When Should I File my Chapter 7 Bankruptcy?
Usually, it’s chapter 13 cases that are most time-sensitive, but that doesn’t mean you should carelessly delay the filing of your chapter 7. Here are a few reasons why filing sooner, rather, than later can be a good idea.
- Repossession or foreclosure
While it is true that a chapter 7 filing doesn’t provide a mechanism for curing secured-debt arrears (that’s what chapter 13 cases do), it can delay a repossession or foreclosure by several months. You might not want to stay in your house forever, but you might still need a few extra months to make new living arrangements. In that situation, it is important to file the case prior to expiration of the 10-day upset bid period in a foreclosure, or prior to the car being picked up in a repossession situation.
- Entry of Judgment
In many situations, the entry of a state court judgment will not make any practical difference in your bankruptcy case. Judgment or not, that Capital One debt is getting discharged. But if you own real estate (and especially if you don’t share ownership of that property with a spouse) then that judgment can result in a judgment lien attaching to that property. To be safe (and to clear up any future title issues), it can be a good idea to file the bankruptcy prior to the entry of that judgment.

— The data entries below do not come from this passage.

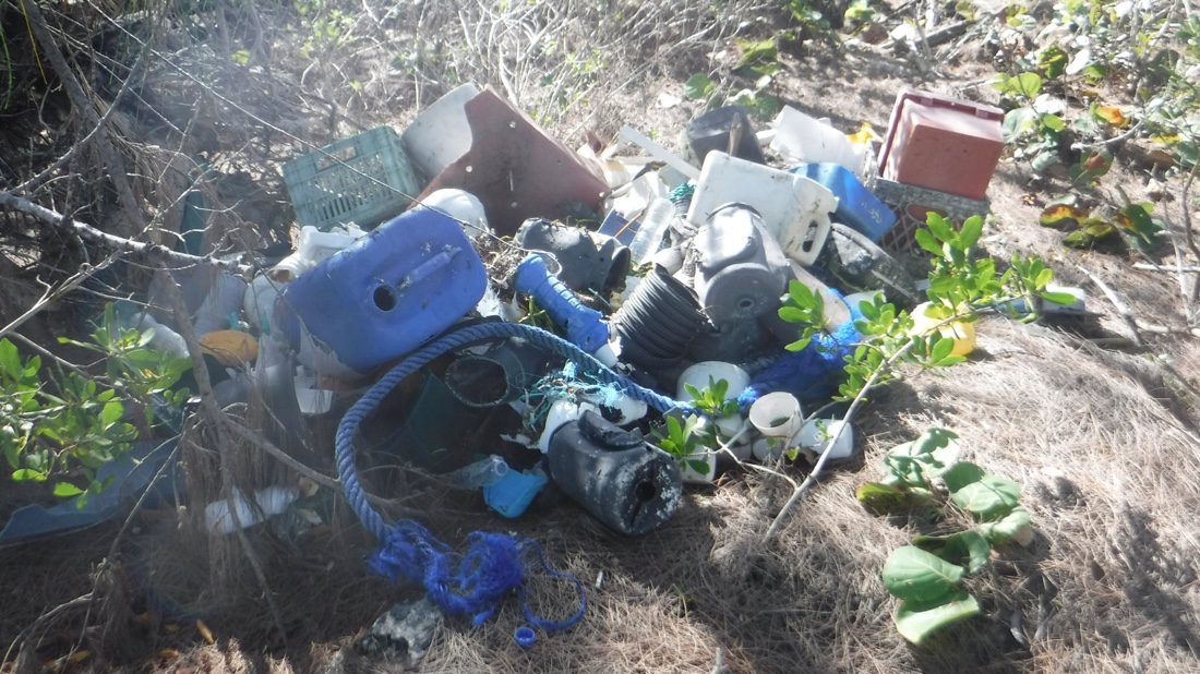 The other day we were anchored off of Deep Sea Cay and found the beaches strewn with garbage. Many of the east facing beaches have a lot of debris that has drifted ashore from somewhere in or across the Atlantic. The beaches on Deep Sea Cay are located in a great spot to be enjoyed by cruisers so we took the opportunity to give back a little bit and cleaned up about 300 yards of beach. Most of the trash had obviously come off the ocean and most was plastic of some variety. We weren’t able to haul the garbage away but we were at least able to collect it and pile it out of sight.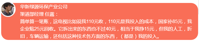 事實(shí)上,從2012年7月開始,國(guó)家就已經(jīng)對(duì)正規(guī)電子垃圾拆解企業(yè)進(jìn)行35—85元不等的財(cái)政補(bǔ)貼,但幾年的時(shí)間過去,這一行業(yè)卻沒有出現(xiàn)預(yù)期的良性發(fā)展。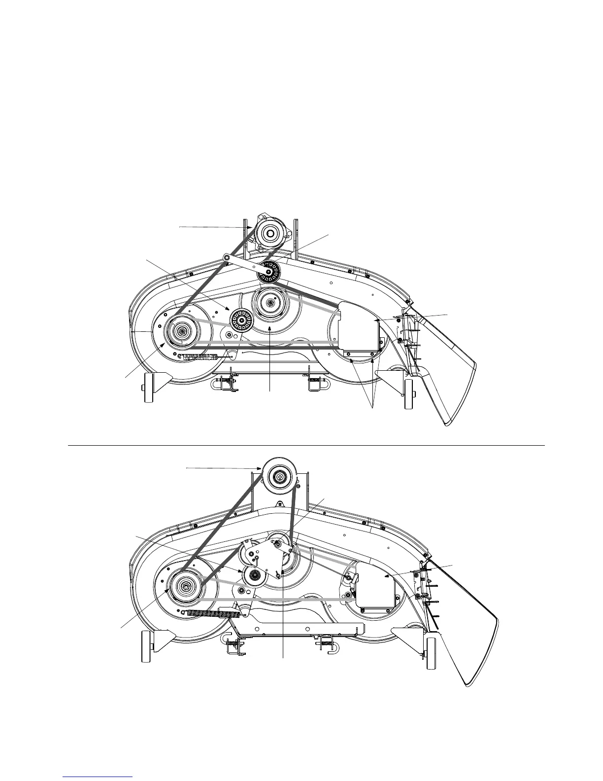 2. Take the belt guards off by removing the self-tapping screws that fasten them to the deck surface. See Figure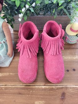 SIZE 2 GIRLS BIG KIDS HELLO KITTY MINNETONKA LEATHER FRINGE MOCCASIN BOOTS$10Merced, CA

- Expected Inheritance or life insurance proceeds
If you become entitled to receive an inheritance or life insurance proceeds within 180 days of filing a chapter 7 case, then that money will go to pay your debts. While predicting an elderly or ill family member’s life expectancy is both emotionally and practically difficult, it is worth considering. If you’re rich great-aunt is a healthy ninety years old, go ahead and file your case now, not when she’s in hospice care.
- Changes in Income
The income-eligibility component of chapter 7 cases involves the analysis of your last six months of income, meaning that fluctuations in your income over those six months are blended together. If you just got a big raise, file now, not in four, five, or six months when the six-month income average may be too great to qualify for chapter 7.